*Problem details*. Ignoring every picture, return the lines of the listing below word for word, from the line that holds "春の贈り物便り 感謝の贈り物ボックス イタリアソアーヴェ白ワインと国産ワインセット(実りの収穫" through the line that holds "- Dit apparaat".
**** Records supplied
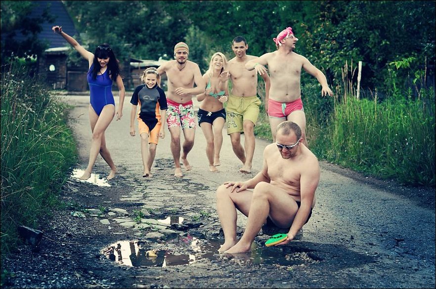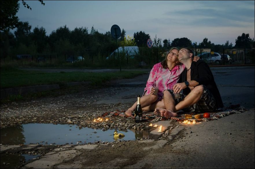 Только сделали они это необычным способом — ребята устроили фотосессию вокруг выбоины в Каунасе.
********
**** Records supplied
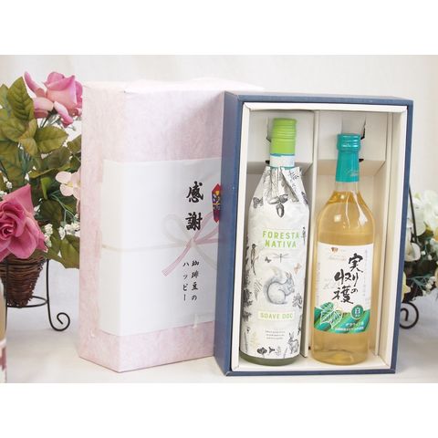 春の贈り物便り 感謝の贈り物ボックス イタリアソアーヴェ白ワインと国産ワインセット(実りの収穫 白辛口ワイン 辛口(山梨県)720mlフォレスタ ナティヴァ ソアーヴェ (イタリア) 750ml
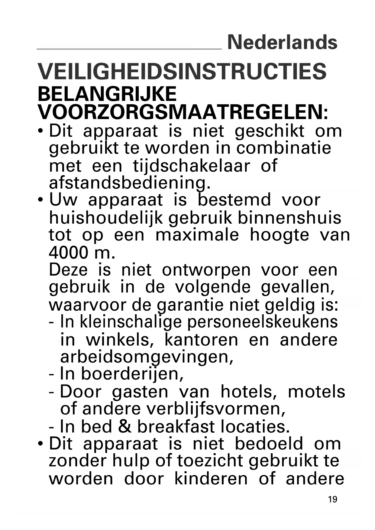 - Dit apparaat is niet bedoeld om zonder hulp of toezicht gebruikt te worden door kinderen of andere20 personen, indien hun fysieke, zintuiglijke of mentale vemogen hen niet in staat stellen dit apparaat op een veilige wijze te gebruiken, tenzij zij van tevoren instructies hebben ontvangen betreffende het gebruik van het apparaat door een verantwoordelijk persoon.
********
*Reply to the task*.
 春の贈り物便り 感謝の贈り物ボックス イタリアソアーヴェ白ワインと国産ワインセット(実りの収穫 白辛口ワイン 辛口(山梨県)720mlフォレスタ ナティヴァ ソアーヴェ (イタリア) 750ml
 - Dit apparaat is niet bedoeld om zonder hulp of toezicht gebruikt te worden door kinderen of andere20 personen, indien hun fysieke, zintuiglijke of mentale vemogen hen niet in staat stellen dit apparaat op een veilige wijze te gebruiken, tenzij zij van tevoren instructies hebben ontvangen betreffende het gebruik van het apparaat door een verantwoordelijk persoon.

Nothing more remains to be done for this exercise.